Stella stand während dieses elterlichen Duetts stumm da und lächelte vor sich hin. Ihre jüngeren Geschwister in Schutz zu nehmen, fiel ihr nicht ein. Papas Entrüstung über die Schwester und sein Ausruf, wie anders sie selbst in Gerdas Alter gewesen sei, belustigte sie sehr. Der gute beschränkte Mann! Ja, wie konnte er denn die Erziehung und Behandlung seiner vergötterten Aeltesten mit dem Lose dieses vernachlässigten Kindes in einem Athem nennen! – Wolfgang trat von einem Fuß auf den andern, riß an seinen Fingern, daß die Gelenke knackten, und sah verlegen vor sich hin. Gerda hatte es ihm eingeschärft: „Daß Du ja wörtlich bestellst!“ und er hielt getreulich zu ihr und hatte sein Versprechen erfüllt.

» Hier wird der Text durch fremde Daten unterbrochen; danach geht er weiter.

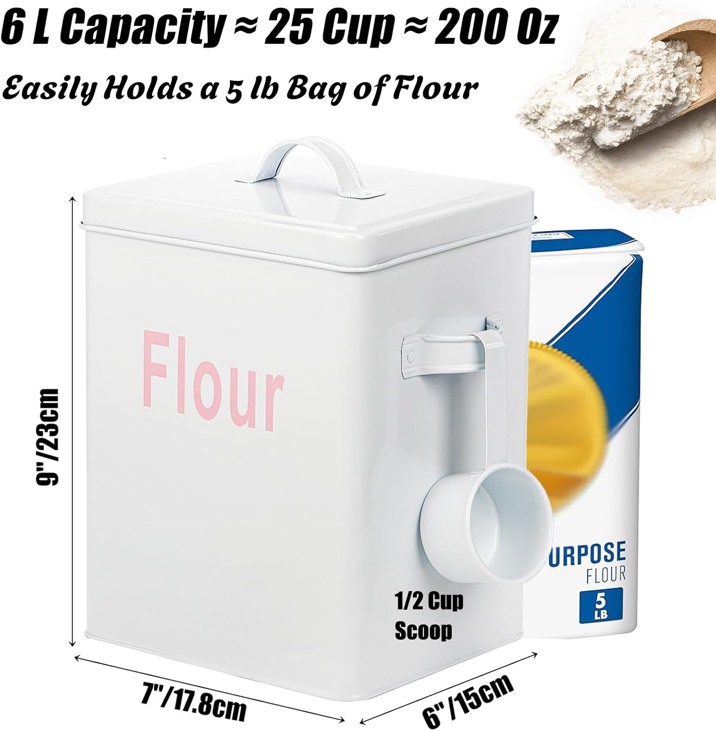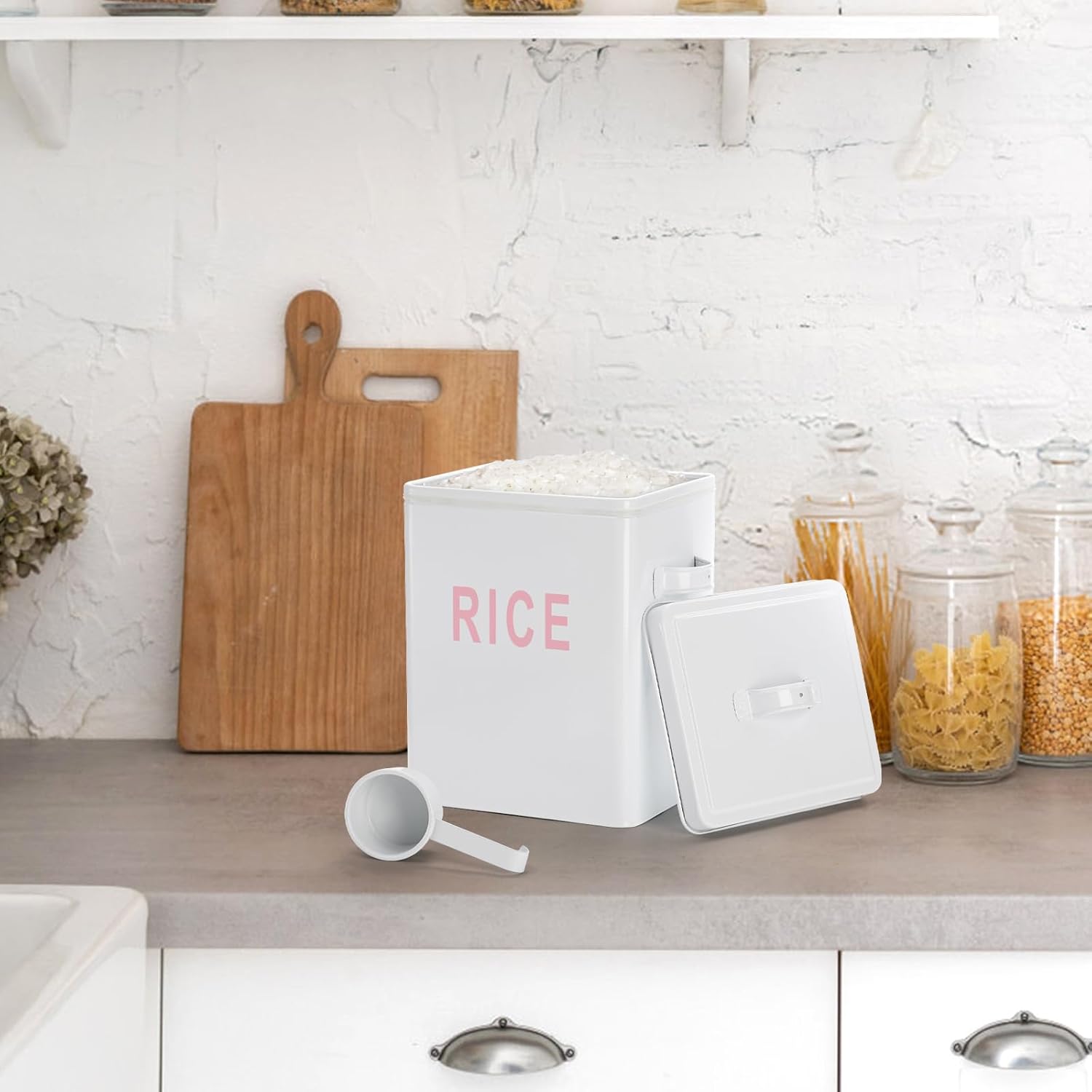 YOUEON 10 Lbs Metal Rice Storage Container, Square Rice Canister with Lid and Measuring Scoop, Countertop Sealed Food Storage Container for Cereal, Beans, Pet Food, White

„Und wie der Junge aussieht!“ Frau Molly, deren Augen schon seit einer Weile eine stumme, aber sehr beredte Kritik an Wolfgangs Erscheinung geübt hatten, lieh ihrem Aerger jetzt Worte. „So gewöhnlich wie der Sohn eines Tagelöhners! Woher er nur diese Nase hat, überhaupt sein ganzes Exterieur! Kein Mensch kann darauf kommen, daß eine solche Erscheinung zur guten Gesellschaft gehört. Ist das der Anzug, der für Dich bei Papas Schneider gemacht worden ist?“

Wolfgang sah schuldbewußt aus und mußte zugeben, daß es allerdings dieser Anzug war.

„Siehst Du!“ wandte sich die Dame strafend an ihren Gemahl. „Was sagte ich Dir? Ich rieth Dir gleich, Dir die Kosten zu sparen, denn an solchen Gliedmaßen, an einem solchen Knochenbau wird auch der tüchtigste Schneider verzweifeln müssen. Nein, mit dem Jungen ist nichts anzufangen, ebensowenig wie mit Gerda –“

„Warum denn nicht, meine Gnädigste?“ fragte eine etwas spöttisch klingende Männerstimme plötzlich dicht neben der Frau Senator. Der Herr hatte dem Diener, der ihn melden wollte, abgewinkt, mit einer Gebärde, die sagen zu wollen schien: „Lassen Sie nur, guter Freund, ich bin hier zu Hause!“, und stand nun wie aus der Erde gewachsen dicht neben der Gruppe.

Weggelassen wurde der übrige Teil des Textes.